[TYLKO U NAS] Czy lekcje religii powinny być prowadzone w szkole?
W polskiej debacie publicznej coraz częściej powtarzają się postulaty wyprowadzenia lekcji religii ze szkół. Dane wskazują, że na katechezę uczęszcza coraz mniej dzieci i młodzieży, dlatego dyskusja na ten temat wcale nie jest bezzasadna. Najważniejsze jednak, co na ten temat twierdzą sami Polacy, korzystający z powszechnego systemu oświaty w ramach przysługujących ich praw. Na zlecenie portalu Goniec.pl sprawdziła to pracownia SW Research.
Religia w szkole czy salce katechetycznej?
Religia i etyka nie należą, póki co, do przedmiotów obowiązkowych. Zgodnie z prawem, udział w nich jest więc dobrowolny, a nawet jeśli na nie uczęszczamy, w każdej chwili możemy z tego zrezygnować.
Tak czyni coraz więcej uczniów, którzy albo sami, albo też (jeśli są niepełnoletni) za pośrednictwem rodziców podejmują decyzję, by zwłaszcza na religię nie uczęszczać.

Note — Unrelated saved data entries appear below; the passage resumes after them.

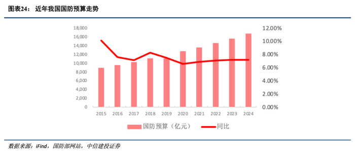 中美关系先抑后扬,短期边际回暖,中长期战略竞争态势不变。俄乌冲突、巴以冲突长期化,其他热点地区风波不断。特朗普重返白宫后或将出台更多限制政策,中美战略竞争态势大概率继续强化,特朗普目前提名内阁人员名单中,担任重要职位的国务卿和国家安全顾问均为对华鹰派分子,未来中美对抗局势或将持续高压。国际局势波云诡谲,国内需求持续旺盛的同时,军贸市场有望成为第二增长曲线,国防军费保持长期稳健增长大势所趋。2024年全国财政安排国防支出预算16655.4亿元,增长7.2%,增幅较2023年持平,高于2024年GDP预计增幅5%,总额再创新高。预计十四五后期我国国防预算仍将保持7-7.5%左右的稳定增长,占GDP比重或有一定提升空间。
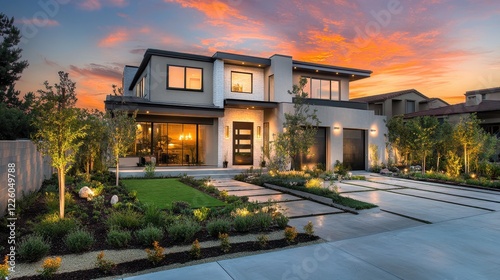 Sleek modern home surrounded by a well-maintained garden, with the vibrant colors of a sunset sky creating a peaceful ambiance.
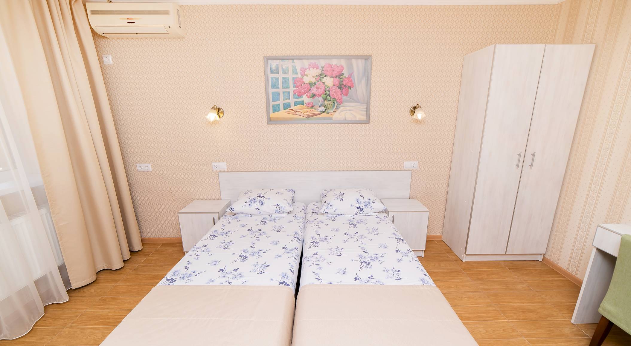 кровати односпальные: ; прикроватные тумбочки: ; стол: ; стулья: ; шкаф: ;
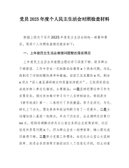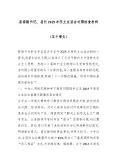XX市人大常委会副主任2025年度民主生活会个人对照检查材料(五个带头)根据市委关于召开2025年度民主生活会的统一部署,我严格按照通知要求,在深入学习领会习近平新时代中国特色社会主义思想,特别是党的二十届三中、四中全会精神的基础上,紧紧围绕本次民主生活会主题,通过群众提、自己找、上级点、互相帮等多种方式,广泛征求意见建议,深入开展谈心谈话,全面梳理检视问题。现将个人对照检查情况报告如下。一、存在的主要问题(一)在带头强化政治忠诚、提高政治能力方面一是理论武装的深度和转化率有待提升。尽管能够坚持参加常委会党组理论学习中心组的集体学习,但有时因分管领域工作繁杂、事务性会议和调研活动较多,对新思想、新理论、新论断的系统性钻研不够深入,特别是对党的二十大及二十届三中、四中全会精神中关于发展新质生产...
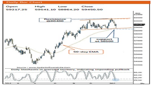 * In line with our view Index rebounded from the lower band of the rising channel coinciding with 50-day EMA, indicating strong support base. Going ahead, a follow through strength above previous session high would indicate resumption of up move and resolve higher towards 60400.
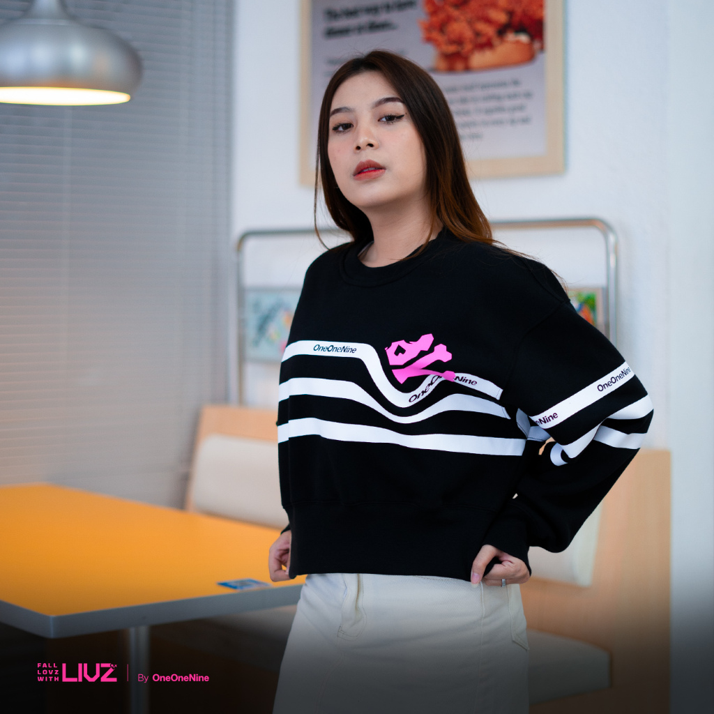 Oneonenine Livz Crewneck Crop Top Dune Black - Sweater Crop Wanita
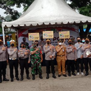 Detik Bhayangkara.com, Tangerang – Kapolresta Tangerang Kombes Pol Zain Dwi Nugroho. SH, SIK Msi. Bersama Pju Polresta Tangerang serta dihadiri Forkompincam Balaraja (Camat Balaraja, Danramil 05 Balaraja dan Kapolsek Balaraja) mengunjungi dan cek kesiapan Posko Kepatuhan Protokol Kesehatan dan Operasi Masker, di Pasar tradisional Sentiong desa Tobat Kecamatan Balaraja Kabupaten Tangerang,  dalam upaya mencegah Penyebaran Masif Omicron di wilayah hukum Polresta dan jajaran sesuai Intruksi Program Kerja Kapolda Banten Membuat Membuat Posko Masker Pro Aktif Bagikan Masker ke Masyarakat dan Edukasi Pencegahan Omicron.
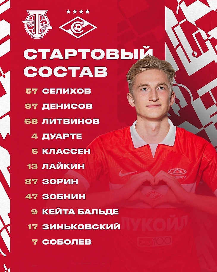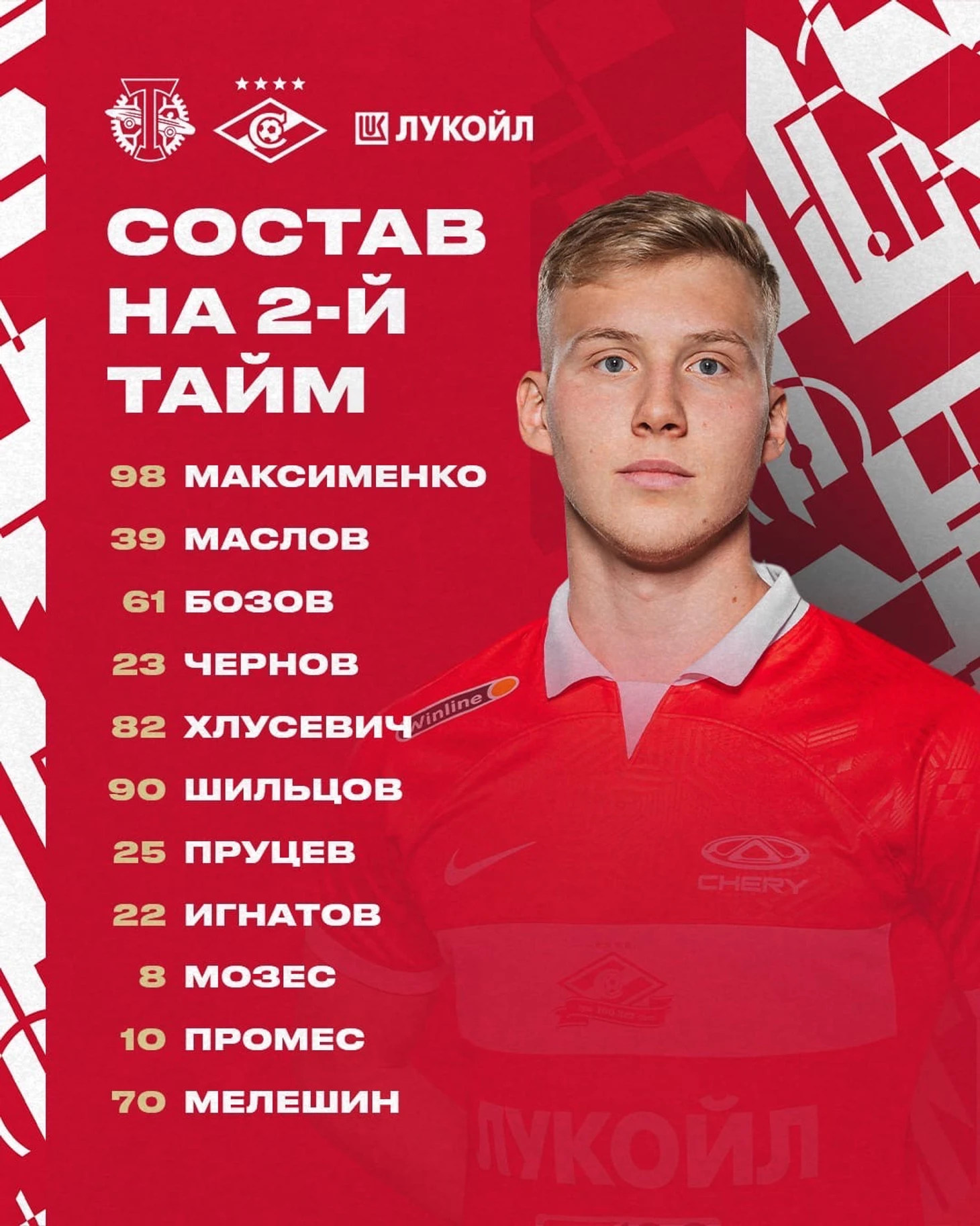 Первый тайм: Селихов (Максименко, 30), Денисов, Литвинов, Дуарте, Классен, Зорин, Лайкин, Зобнин, Зиньковский, Бальде, Соболев.

Z tego powodu coraz większy problem sprawia wpisanie katechezy w plany lekcji, tak, aby nie powodowały one np. tzw. okienek. Coraz częściej słyszy się także o tym, by powrócić do rozwiązań sprzed lat i religii nauczać nie w szkole, ale w salce katechetycznej. Co o tym sądzą Polacy?
Tragiczny finał dziecięcej zabawy. 4-letnie bliźnięta nie żyją. Mama przestrzega rodzicówWiększość Polaków nie chce religii w szkole
Na prośbę portalu Goniec.pl o preferencje mieszkańców naszego kraju ws. nauczania religii zapytała sondażownia SW Reserach. Badanie przeprowadzono w dniach 5-6 września metodą CAWI na grupie 816 Polek i Polaków powyżej 16. roku życia. Wyniki prezentują się następująco.
“Za” prowadzeniem lekcji religii w szkołach jest 35,2 proc. respondentów, podczas gdy 50,5 proc. ankietowanych jest zdecydowanie na “nie”. Zdania nie ma 14,3 proc. badanych.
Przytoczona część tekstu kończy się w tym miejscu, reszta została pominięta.